**Supplied entries**

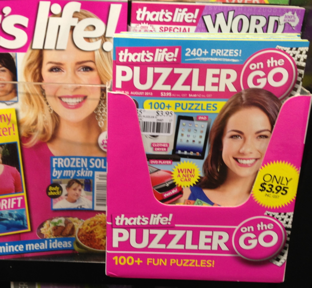 Our sales of That’s Life Puzzler On The Go are growing very well thanks to this placement with our weekly magazines, next to That’s Life itself. It’s terrific that a simple move taking a few seconds can generate good sales growth off already good base sales. I’d urge others to try this placement for themselves.
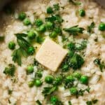 • If you prefer a richer risotto, stir in a splash of cream when adding the peas and Parmesan.
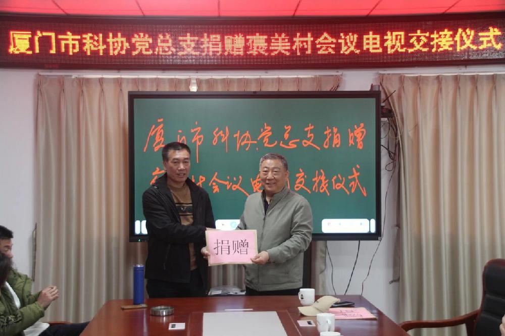 市科协党总支向褒美村捐赠会议触屏一体机一台,用于提升村“两委”和驻村工作队的理论学习效能。
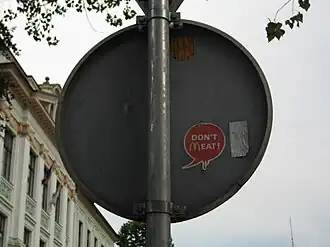 Adesivo com a frase "don't meat!" (traduzido do inglês, "não coma carne!") em rua de Barcelona. A letra "M" da palavra "meat" faz referência ao logotipo do McDonald's.
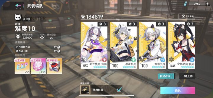 稳定率接近百分之百,炮手毒女唯一指定亲妈,开局进入一定要带加sp的药,让炮手在瑶瑶死前开出来大,这是最关键的点,阵容面板如图。
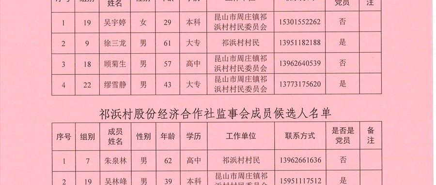 祁浜村股份经济合作社理事会、监事会成员候选人名单公告
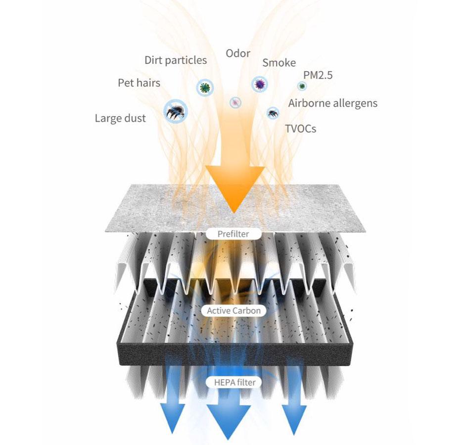 - Activated Carbon. The carbon filter efficiently adsorbs foul odor and protects you from harmful chemicals and gases present in every moving vehicle.

**Aim of the task**
Without the pictures, print the whole listing exactly as given.

**Result of this task**
 Our sales of That’s Life Puzzler On The Go are growing very well thanks to this placement with our weekly magazines, next to That’s Life itself. It’s terrific that a simple move taking a few seconds can generate good sales growth off already good base sales. I’d urge others to try this placement for themselves.
 • If you prefer a richer risotto, stir in a splash of cream when adding the peas and Parmesan.
 市科协党总支向褒美村捐赠会议触屏一体机一台,用于提升村“两委”和驻村工作队的理论学习效能。
 Adesivo com a frase "don't meat!" (traduzido do inglês, "não coma carne!") em rua de Barcelona. A letra "M" da palavra "meat" faz referência ao logotipo do McDonald's.
 稳定率接近百分之百,炮手毒女唯一指定亲妈,开局进入一定要带加sp的药,让炮手在瑶瑶死前开出来大,这是最关键的点,阵容面板如图。
 祁浜村股份经济合作社理事会、监事会成员候选人名单公告
 - Activated Carbon. The carbon filter efficiently adsorbs foul odor and protects you from harmful chemicals and gases present in every moving vehicle.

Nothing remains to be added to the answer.